First published to the AKASHA Foundation blog.
Despite the over-emphasis of competition in Darwin's theory of evolution, the great man himself sensed the importance of cooperation.
I should premise that I use the term Struggle for Existence in a large and metaphorical sense, including dependence of one being on another ...
[On the Origin of Species, Darwin, 1859]
Modern day scientists know that any investment of resources by individuals — of the same species or different — in acts of cooperation could in fact make those individuals vulnerable to non-cooperators, and yet cooperating proves to be a continuing strength rather than a weakness. We see cooperation everywhere we look.
[We have] a new view of continual cooperation, strong interaction, and mutual dependence among life forms. Life did not take over the globe by combat, but by networking.
[Microcosmos, Margulis & Sagan, 1997]
Cooperation confers an irrefutable advantage and we're still grappling with understanding the qualities of the mechanisms that make this the case.

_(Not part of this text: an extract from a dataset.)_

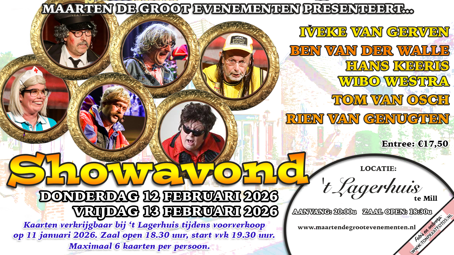 De jaarlijks terugkerende showavonden in ’t Lagerhuis in Mill vinden dit jaar plaats op 12 en 13 februari. Kaartverkoop op 11 januari 2026.

Human beings are brilliant same-species cooperators — hence our parasitic success — and yet a quick scan of typical news headlines would suggest quite the opposite. Without dwelling too deeply on international relations or indeed media theory, the reported character of interactions between the likes of the United States and China and Russia and India and Europe might be said to be more fractious than cooperative. And national news headlines compound the gloom.
Why?
Why can't we just work together for mutual advantage on our little blue marble? As co-pilots of Spaceship Earth?